- Written by: Mick Gordon and A. C. Grayling
- Characters: Grace, Tony, Tom, Ruth
- Original language: English
- Genre: Drama

Premiere
- Date premiered: 2006
- Place premiered: Soho Theatre London

= Grace (play) =

Play by Mick Gordon and A. C. Grayling

Grace is a 21st-century play written by Mick Gordon and A. C. Grayling.

==Plot==

The title character, a cynical atheist science professor, is participating in a psychology experiment in Canada in which the scientists claim to have developed a helmet that can invoke religious experiences. Grace, although skeptical (when asked what the helmet is called, she mockingly answers, "The God Helmet"), is mesmerized by the feelings she experiences while using the device. Throughout the play, she is "pulled out of the scene" and asked questions about her experiences.

Grace's son, Tom, is considering becoming a priest, and when Grace learns this, she is mortified and demonizes him in front of Tom's girlfriend, Ruth. Grace believes that anyone who tries to preach religion is being an active part of the world problems stemming from what she sees as religious fanaticism, especially violence. Tom tries to assure Grace that he's trying to form a "better religion," one that does not promote violence, but personal improvement and love. Grace stubbornly refuses to listen to Tom and after a bitter argument, the two become estranged. Meanwhile, Grace's husband, Tony, is a practicing Jew, and although he disagrees with Tom's Christian views, is far more tolerant and understanding.

Ruth tells Tom she is pregnant with his baby, and Tom considers this news the time to talk about marriage. Ruth is very reluctant to move forward, saying she is unsure of Tom's religious beliefs herself.
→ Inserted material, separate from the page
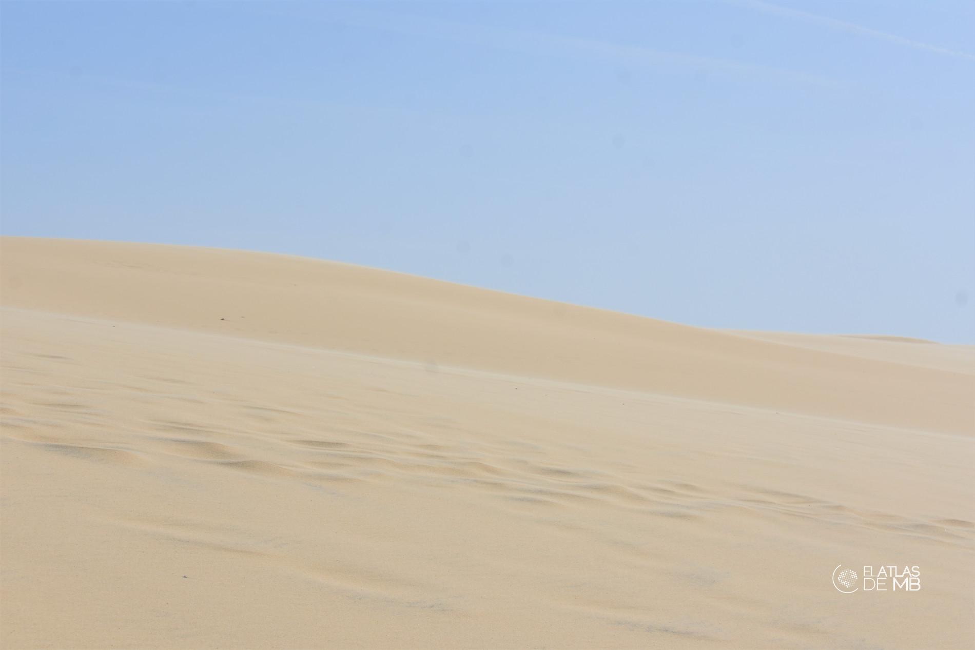 Su cresta llega a más de 100 metros de altura, siendo la más alta de Europa, y realmente cuesta subirla y cansa bastante. Verás que casi todo el mundo sigue unos surcos, y pareciera que uno va a través del desierto. Cuando se llega arriba se tienen unas vistas alucinantes de toda la duna, que casi se pierde en el horizonte y me pareció una maravilla. También hacia el mar, con pequeñas islas formadas por bancos de arena, en un mar poco profundo. Es que era sublime.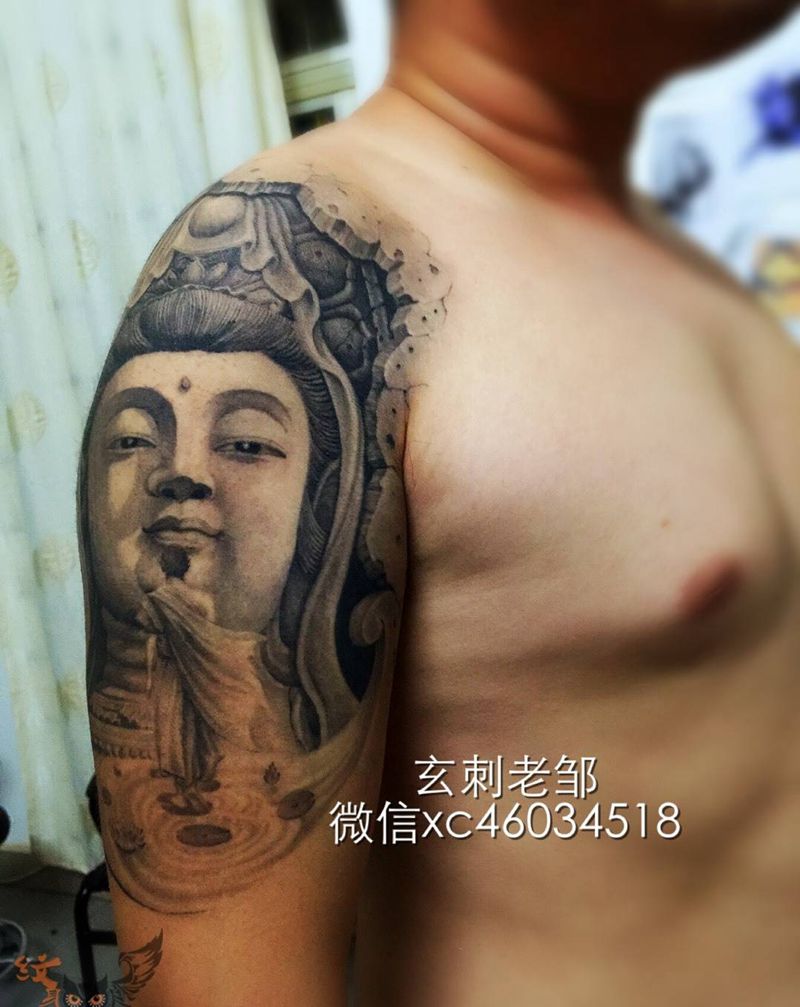 步步莲花纹身图片_成品手臂写实宗教人物纹身图案

Off scene, Tom is killed in an Islamic terrorist attack. A heartbroken Grace uses this as an example of her reasons behind her anti-religious views during her lectures that she teaches. Ruth tells Grace Tom had requested to have his funeral at a church, but Grace refuses in a fit of rage. Ruth tries to convince Grace to fulfill Tom's wishes, but Grace makes the decision to have a small, informal, non-religious funeral ceremony. In retaliation, Ruth tells Grace she cannot see her future grandchild.
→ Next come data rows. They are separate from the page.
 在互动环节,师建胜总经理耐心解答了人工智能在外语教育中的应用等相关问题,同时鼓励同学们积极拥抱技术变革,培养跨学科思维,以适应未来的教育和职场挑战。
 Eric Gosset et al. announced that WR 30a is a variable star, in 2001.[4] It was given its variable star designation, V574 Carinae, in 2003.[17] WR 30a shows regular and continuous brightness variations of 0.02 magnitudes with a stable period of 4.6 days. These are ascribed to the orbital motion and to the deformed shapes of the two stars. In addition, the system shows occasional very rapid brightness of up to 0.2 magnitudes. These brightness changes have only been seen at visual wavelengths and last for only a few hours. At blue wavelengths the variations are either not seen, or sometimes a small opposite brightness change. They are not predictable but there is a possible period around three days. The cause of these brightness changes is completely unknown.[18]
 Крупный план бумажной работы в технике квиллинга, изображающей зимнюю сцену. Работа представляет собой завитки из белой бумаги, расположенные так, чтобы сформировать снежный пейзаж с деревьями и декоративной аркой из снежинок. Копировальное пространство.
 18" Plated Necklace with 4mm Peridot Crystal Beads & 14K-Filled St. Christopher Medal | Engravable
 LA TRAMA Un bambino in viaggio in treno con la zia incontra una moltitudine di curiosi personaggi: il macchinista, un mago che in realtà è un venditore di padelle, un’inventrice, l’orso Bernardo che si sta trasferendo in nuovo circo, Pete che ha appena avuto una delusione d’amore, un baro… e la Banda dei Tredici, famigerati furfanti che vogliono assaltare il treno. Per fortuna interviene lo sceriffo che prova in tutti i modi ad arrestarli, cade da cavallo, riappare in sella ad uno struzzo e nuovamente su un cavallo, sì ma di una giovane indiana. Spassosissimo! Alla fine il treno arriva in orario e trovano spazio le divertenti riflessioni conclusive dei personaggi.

After the funeral, Grace begins to have visions of Tom through her helmet. She begins to question her own atheist views, although only mentions this to Tony. Tony recommends to Grace that she visit Ruth and tell her that she had been wrong about her views on religion. Grace sees Ruth at the cemetery paying her respects to Tom. Ruth mentions to Grace that the only reason she did not like Tom's religious views was because of her jealousy that Tom would prioritize God above her. After a heated discussion about how Grace and Tom had a toxic relationship because of her intolerance, and even after his death, Grace tells Ruth about her visions. Grace says that, although it's probably manufactured from her "God Helmet," she finds comfort in her visions of Tom after his death. In the end of the conversation, Grace and Ruth each come to the conclusion that it is not even love, but kindness, that is most important to the well-being of the world and society. Ruth and Grace reconcile their differences and in the end scene they reminisce about Tom and Grace volunteers to tend to Ruth's crying baby.

==Characters==

- Grace A middle-aged professor, a self-described naturalist who rejects religion
- Tom Grace's son, a lawyer-turned-priest who Grace vehemently criticizes for his newly found religious views
- Ruth Tom's girlfriend who is agnostic and is reluctant to completely support Tom, but despises Grace's intolerance to Tom's views
- Tony Grace's husband, a practicing Jew who at first hides his religion from Grace out of fear
- scientist The unnamed scientist never enters the stage; only his voiceover is heard, which only Grace can hear. The scientist gives Grace directions on using the experimental "God Helmet"

==Production==

Grace has a runtime of about 90 minutes.